Hulda.

Hulda.

Das Huhn.

Hulda - Make eggs, not war!

Administrator on Jul 01 2014

Der Schoß ist fruchtbar noch, aus dem das kroch (Bertold Brecht)

Hulda, nennen wir das Huhn einfach einmal so, Hulda ist immer wieder fassungslos, wie wenig die Menschen aus ihrer Geschichte lernen. Am 1. August, jährt sich zum 100. Mal der Beginn des sogenannten 1. Weltkrieges.

Hulda hat sich die Zeit genommen und den dicken Wälzer von Christopher Clark „Die Schlafwandler“ gelesen. Eine Darstellung und Analyse der europäischen Bündnispolitik, der nationalen Bestrebungen auf dem Balkan und der unsäglichen Leichtigkeit mit der Millionen von jungen Männern in den Tod geschickt wurden. Hulda hat vor vielen Jahren die Schlachtfelder von Verdun besucht und konnte nicht wirklich fassen, was da geschah. Vor einigen Wochen dann eher zufällig, blieb Hulda bei dem US Film von 1930 „Im Westen nichts Neues“ hängen, der kongenial Erich Maria Remarques Roman umsetzt. Die Szenen, in denen Tausende ins Maschinengewehrfeuer laufen, um sich dann mit aufgepflanzten Bajonetten in die Gräben zu stürzen, wo Gewehre und archaische Grabenkampfwaffen warteten, lassen bruchstückhaft erahnen, wie es den Männern an den Gräben oben und unten zumute gewesen sein musste. Die Franzosen haben die Angst einmal damit bekämpft, dass abgezählt wurde und jeder 30. Mann jeder Einheit erschossen wurde. Als Prophylaxe fürs nächste Mal.

Hulda hat auch die Bilder vom Jahrestag des D-Day in der Normandie 1944 verfolgt, als dann Hand in Hand zwei gebrechliche Veteranen, ein Franzose und ein Deutscher, an Omaha Beach standen, dahinter riesengroß auf Leinwand die beiden in Uniform vor 70 Jahren. Für Hulda ein Hoffnungszeichen.

Der Schwenk der Kamera von den versöhnten Gegnern von einst in die Gesichter von Barack Obama und Vladimir Putin, die in der Ukraine, in Syrien und im Gazastreifen, durchaus Optionen zum Handeln hätten, war für Hulda fast schon ein resignativer Hilfeschrei der Bildregie.

Und auch der 70. Jahrestag am 20. Juli ist ein Aufschrei der Hoffnung, dass Menschen bereit sind, dem Rad in die Speichen zu fallen. Ein kleines Hoffnungszeichen in dieser bestialischen Zeit auch für die Kirche, die einen der begnadeten Theologen Dr. Dietrich Bonhoeffer dabei verloren hat.

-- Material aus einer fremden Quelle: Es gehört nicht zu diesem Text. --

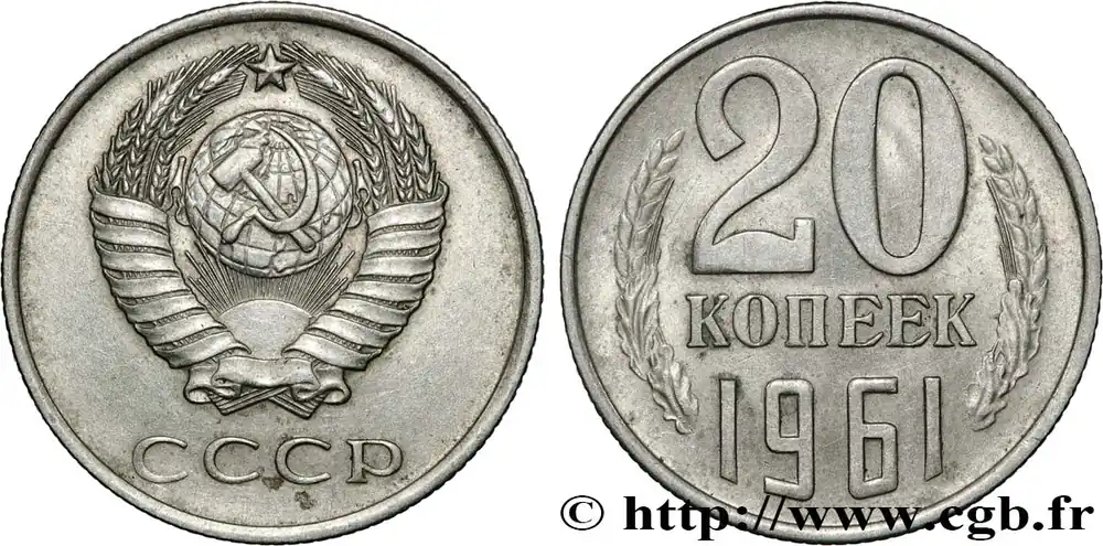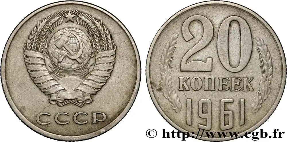 Type : 20 Kopecks URSSDate : 1988Quantité frappée : -Métal : cupro-nickel-zincDiamètre : 21,80 mmAxe des coins : 12 h.Poids : 3,35 g.Tranche : striéeRéférence ouvrage :KM20/132 AversTitulature avers : (LÉGENDE EN CYRILLIQUE) CCCP.Description avers : Emblème de l’URSS.Traduction avers : (URSS).ReversTitulature revers : (LÉGENDE EN CYRILLIQUE) 20 / КОПЕЕК / 1988.Description revers : Dans le champ entre les épis de blé et des feuilles de chêne.Traduction revers : (20/ Kopecks / 1988).HistoriqueRUSSIE – URSS(1922-1991) La Révolution de Février 1917 met fin au régime des tsars de Russie. La République Russe est renversée par les bolcheviks en Octobre 1917. Le 30 décembre 1922, est signé le traité relatif à la formation de l’Union des Républiques Socialistes Soviétiques (URSS). Bien que disposant d’un chef de l’état et d’un chef du gouvernement, l’URSS est en fait dirigé par le chef du Parti communiste de l’Union soviétique, seul parti autorisé entre 1925 et 1990.Le 8 décembre 1991, les présidents de Russie, d’Ukraine et de Biélorussie signent les Accord de Minsk qui proclame la dissolution de l’URSS par ses États fondateurs.

Und zugleich weiß Hulda, dass Kriege letztlich nicht irgendwo und irgendwann entstehen, sondern immer schon jetzt und meist in den kleinsten Zellen des Staates, in den Wohnungen und Häusern, in den Bierzelten und Vereinsversammlungen.

Jede Äußerung von Gewalt in Worten und Taten ist wohl auch ein Mosaiksteinchen, das dann Gewalt als normale Reaktion auf andere erscheinen lässt.

 

Schreit Dein Kind mein Kind an, dann aber…

Schaust Du meine Familie schräg an, dann aber…

Schau Dir die Fremden doch an, dann aber…

Tötest Du drei meiner Jugendlichen, verbrenne ich einen von Deinen.